The motivation with which Professors Acemoglu, Johnson, and Robinson (or AJR) began their investigation was simple: Why were some countries rich in the medieval period but poor today, while others that had been poor had become rich? Was there something causal or mechanistic that underlay this “great reversal”? Their answer was deceptively simple: “Institutions”. That word is now thrown around a great deal — partly because of AJR’s work —without a clear understanding of what precisely is meant. By “institutions”, they meant direct and enforceable constraints on the exercise of power. Ideally, institutions evolved to balance the exercise of power between various groups, to limit the overuse of power, and to ensure that in the long run such growth-enhancing mechanisms as property rights were protected. This would allow investment, entrepreneurship, and growth to thrive.
AJR’s original paper more than two decades ago demonstrated this effect through a clever instrument. The question was how to demonstrate that institutions caused growth, and not that institutions grew up alongside or because of growing wealth. One way to make the case would be to identify institutions that emerged for reasons other than wealth and then check if countries with those institutions did better. To do that, AJR — one of whom is Turkish, and two of whom are English — turned naturally to colonialism. They made the quite defensible assumption that places during the colonial era where Europeans remained healthy attracted more European settlers; and that if a colony had more European settlers than indigenous subjects, their institutions were less likely to be designed to be purely extractive and unrepresentative. They then used this to demonstrate that places where European settlers happened to survive performed better over time. In fact, once “differences in European mortality rates” centuries ago were controlled for, “countries in Africa or those closer to the equator do not have lower incomes”. The “colonial origins of comparative development”, as they put it, were a remarkable insight into the power of institutional strength.

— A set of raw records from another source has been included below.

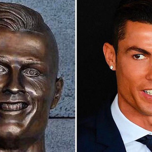 去年4月,C罗家乡马德拉将其机场正式更名为克里斯蒂亚诺•罗纳尔多机场,并在更名仪式上展示了这尊笑起来尴尬而不失礼貌的铜像。其独特的造型艺术风格打动了大批网友,深受粉丝们喜爱,并被做成了各种表情包(划掉)。
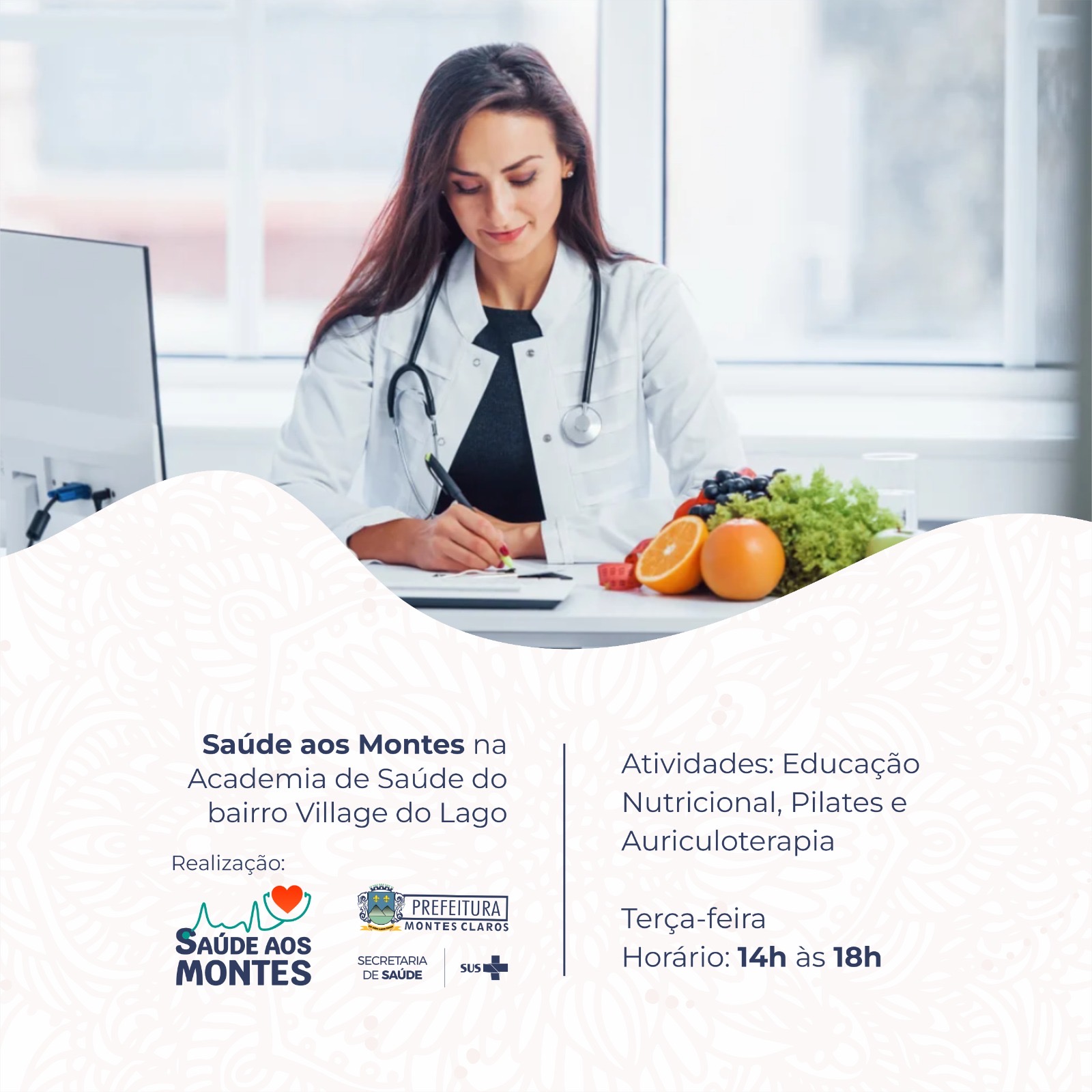 A Prefeitura de Montes Claros, por meio do programa “Saúde aos Montes”, disponibiliza sessões de Educação Nutricional, Pilates e Auriculoterapia na Academia de Saúde do bairro Village do Lago.
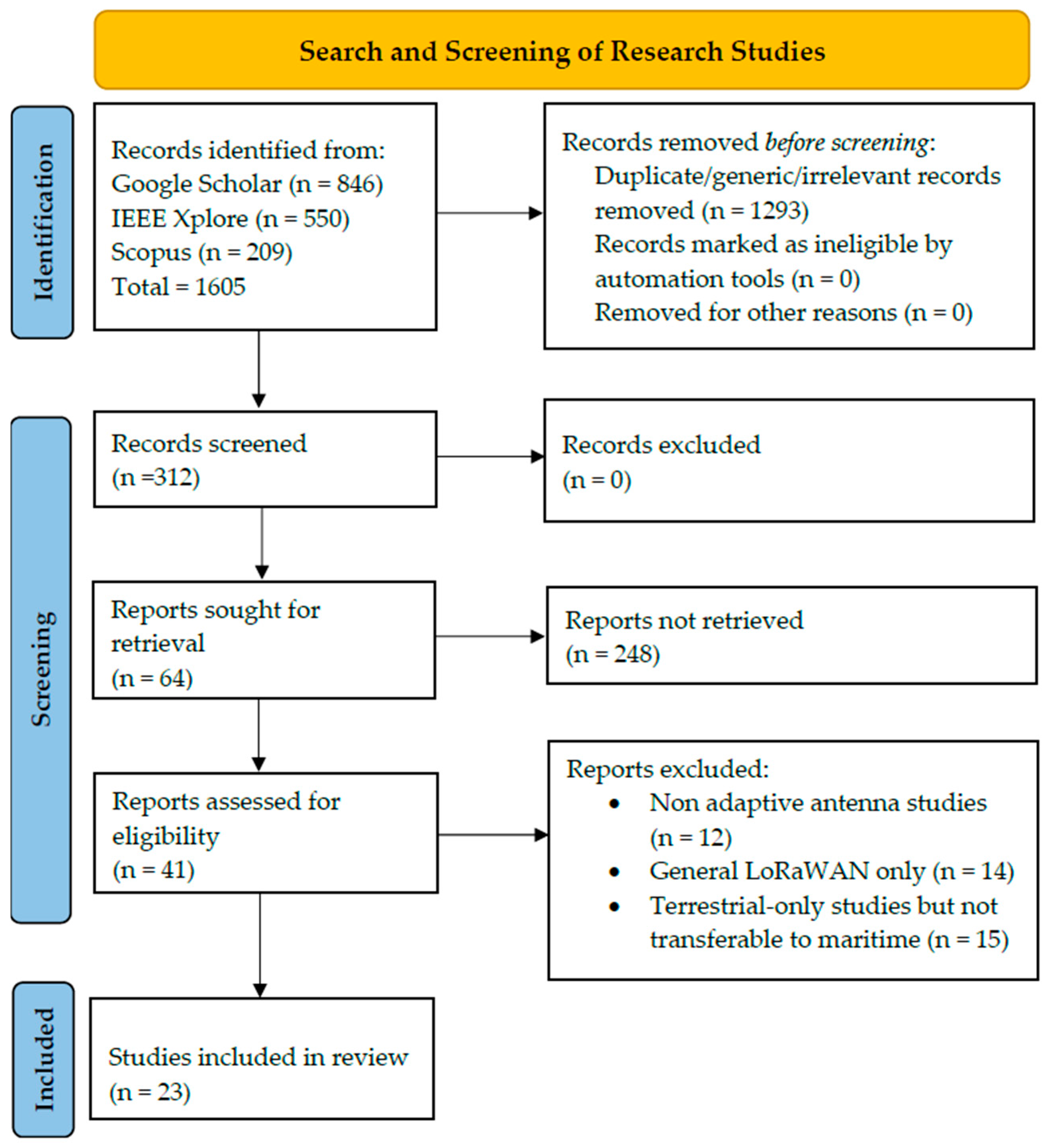- Studies that investigated general LoRaWAN and adaptive antenna were included if they provided transferable insights into maritime deployments.
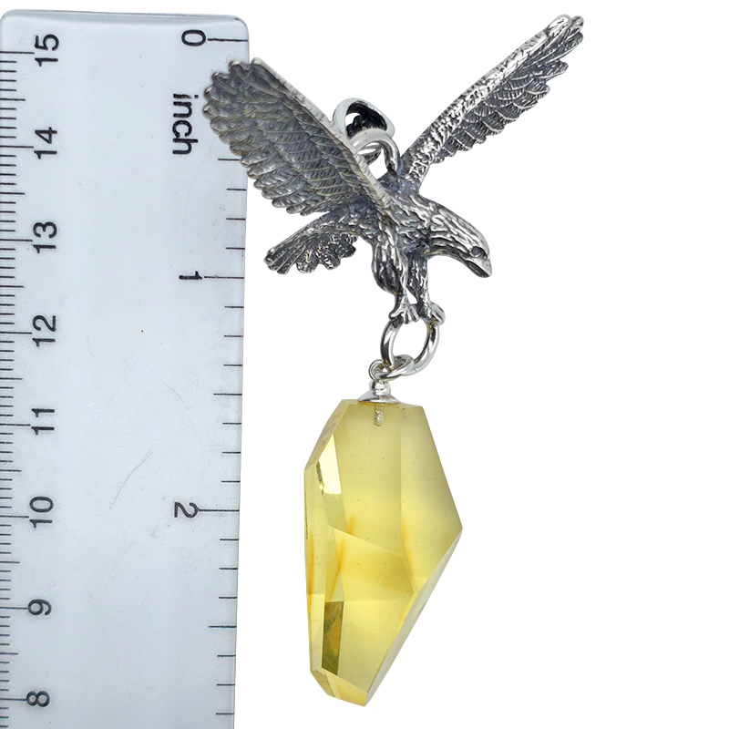 Amber Oxidized Silver Handmade Hawk Pendant. Citrine-color amber stone set on .925 sterling silver. Genuine Baltic amber.
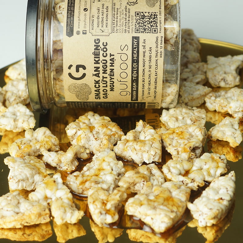 Snack ăn kiêng gạo lứt ngũ cốc nguyên hạt GUfoods giòn tàn và giàu dinh dưỡng. Snack có vị thanh đạm, bùi thơm, ngọt nhẹ và vô cùng dễ ăn. Đây là món ăn vặt healthy, ít tăng cân, lành mạnh, nói không với phụ gia và chất bảo quản.
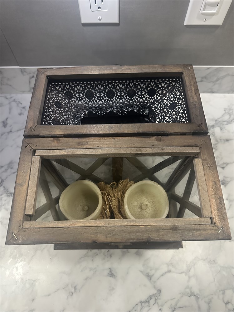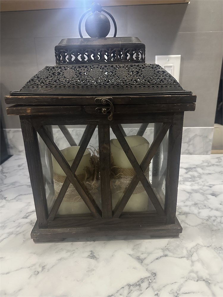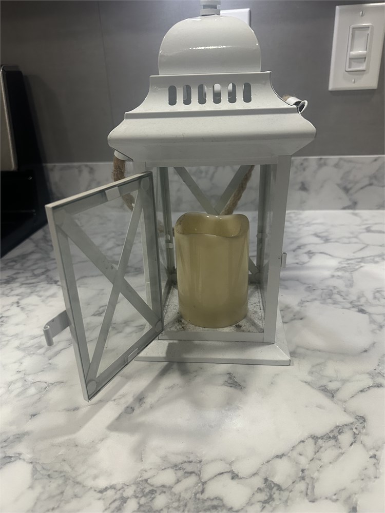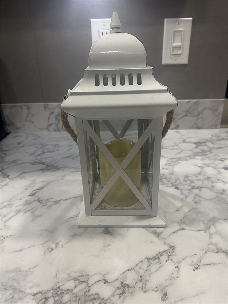 2 vintage lanterns White one needs batteries for the light to work or take out the candle and insert a real candle.
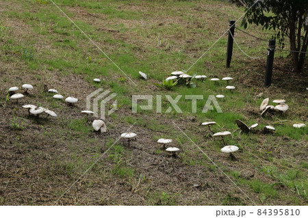 自然 茸 オオシロカラカサタケ、有名な毒キノコです。こちらは大きな菌輪(フェアリーリング)
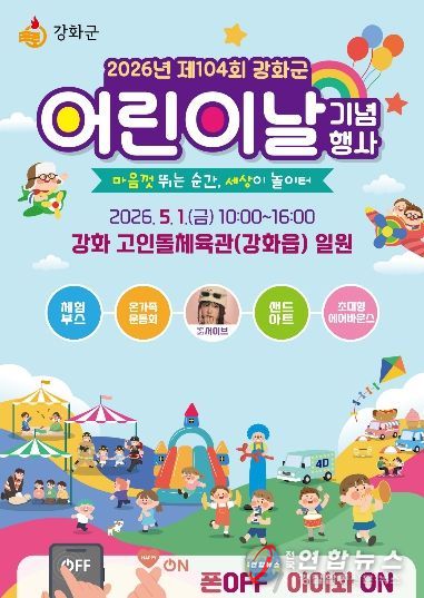 전국연합뉴스 기자 | 강화군은 제104회 어린이날을 맞아 오는 5월 1일 오전 10시부터 강화읍 고인돌체육관에서 어린이날 기념행사를 개최한다.

Since then, they have expanded their analysis into multiple fields, including agrarian tenure, the extension of the right to vote, and the persistence of elite power across generations. But the central argument — that institutional choice, not destiny or genetics — that AJR make for economic success has remained the same. It is an optimistic view of the world, and one that some in India should examine with care. The basic structure of liberal economic reform that has been argued for in this country for decades now is one, essentially, of institutional change. A state that reduces entrepreneurial risk, preserves property rights, creates independent regulators, dispenses justice swiftly, and does not monopolise savings is one that will ensure long-term prosperity.